The secondary structure of RNA may be of primary importance to its function. Secondary structure refers to the two-dimensional conformation formed by the base-pairing of nucleotides within an RNA sequence. The resulting folds and loops can aid or impede protein translation. Nackley et al. report that sequence variations associated with pain sensitivity affect cellular function by altering mRNA secondary structure in a recent article in Science.
The catechol-O-methyltransferase (COMT) enzyme breaks down catecholamines, like dopamine, epinephrine and norepinephrine. A single-nucleotide polymorphism (SNP) in COMT has previously been associated with differential performance in a cognitive task and with variations in the opioid response to pain. However, in this study, the authors found that an individual SNP in COMT did not account for differences in pain sensitivity. Instead, four COMT SNPs combined to form haplotypes that associated with low, average and high pain sensitivity.
Each haplotype mRNA had a different secondary structure, as shown by computer programs that fold RNA into energetically optimal structures. All three haplotypes formed stem loops. However, the low pain sensitivity haplotype had the most compact, and the high pain sensitivity haplotype had the most rigid structure. The stability of secondary structures is determined by Gibbs free energy: the less Gibbs free energy, the more stable the structure. The structure of the high pain sensitivity haplotype had less Gibbs free energy than did the structures for average or low pain sensitivity haplotype mRNA, suggesting that it was the most stable.
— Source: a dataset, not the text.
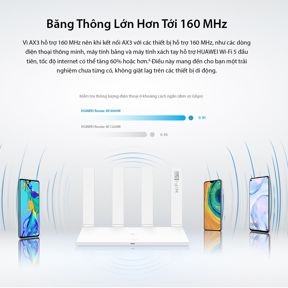 AX3 và điện thoại hỗ trợ HUAWEI Wi-Fi 6 là cặp đôi hoàn hảo vì cả hai đều được trang bị Wi-Fi chipset do HUAWEI tự phát triển, có hỗ trợ băng thông tần số 160 MHz. Điều này đặt nền móng cho Chipset Synergy, mang đến tốc độ và hiệu suất tối ưu.

COMT activity differed among haplotypes. Cells transfected with the high pain sensitivity haplotype showed reduced COMT activity relative to cells expressing low pain sensitivity COMT, and cells expressing the average pain sensitivity haplotype showed intermediate activity compared to the other two COMT variants. Cells transfected with the high pain sensitivity haplotype also showed reduced COMT protein relative to those expressing the low pain sensitivity haplotype.
Would altering the secondary structure of high pain sensitivity haplotype mRNA rescue COMT activity? By mutating a single nucleotide in this mRNA, the authors converted its stable structure to a structure similar to that of the low pain sensitivity haplotype, but maintained the SNPs associated with high pain sensitivity. COMT activity and protein expression did not differ in cells expressing mutated high or low pain sensitivity haplotypes, suggesting that the secondary structure of COMT mRNA in the high pain sensitivity haplotype impedes protein synthesis and therefore results in reduced enzymatic activity.
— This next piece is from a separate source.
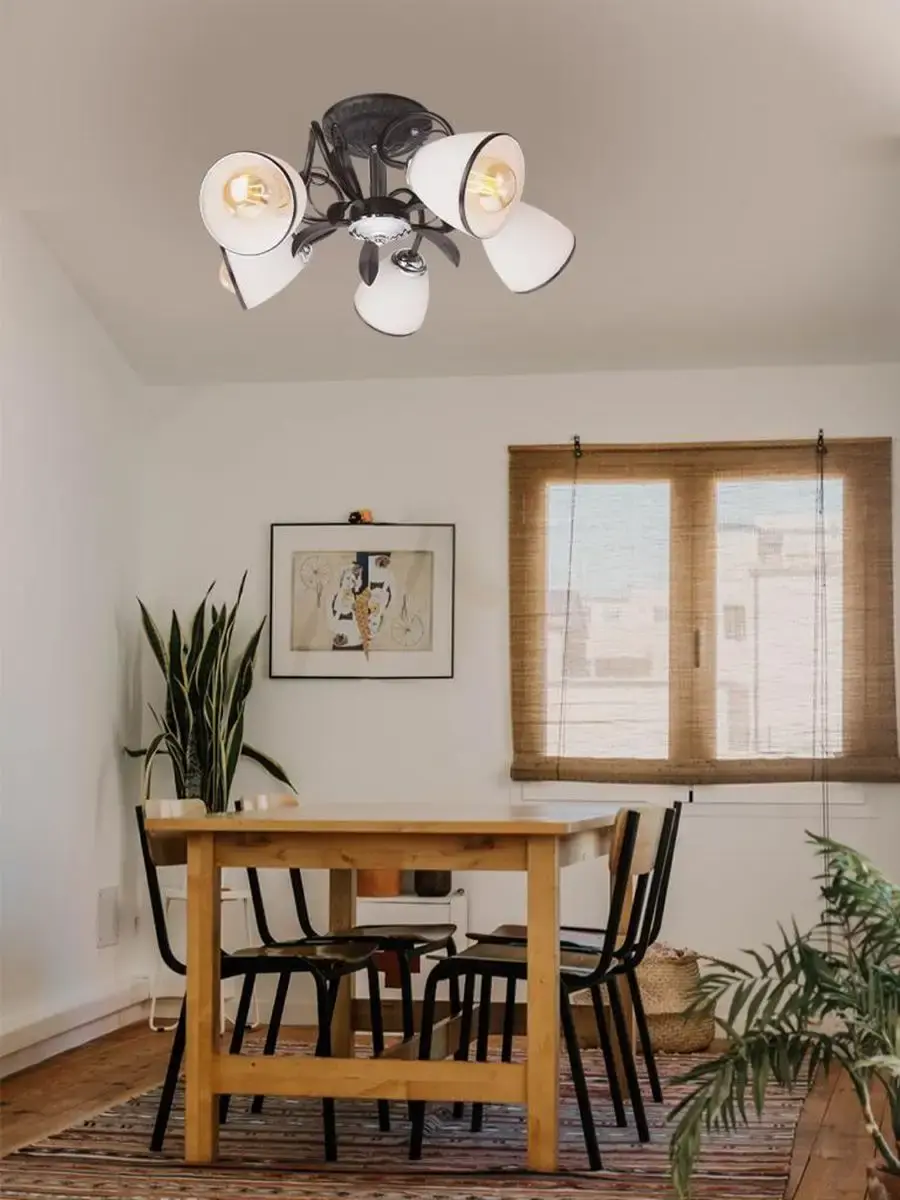 Люстра потолочная серии GERA является предствительницей классического стиля плафонных люстр. Черно-белое сочетание цветов всегда будет оставаться в тренде. Данная модель отлично подойдет для кухни или прихожей небольшой площади. Цоколь E27, мощность 5*60W. Габаритные размеры 450*450*220

People with the high pain sensitivity haplotype were more likely to develop temporomandibular joint disorder than those with low or average pain sensitivity haplotypes, suggesting that haplotypes that alter the secondary structure of RNA may contribute to the susceptibility and progression of common diseases in people. Therefore, researchers should evaluate the secondary structure as well as the primary sequence of genes associated with disease.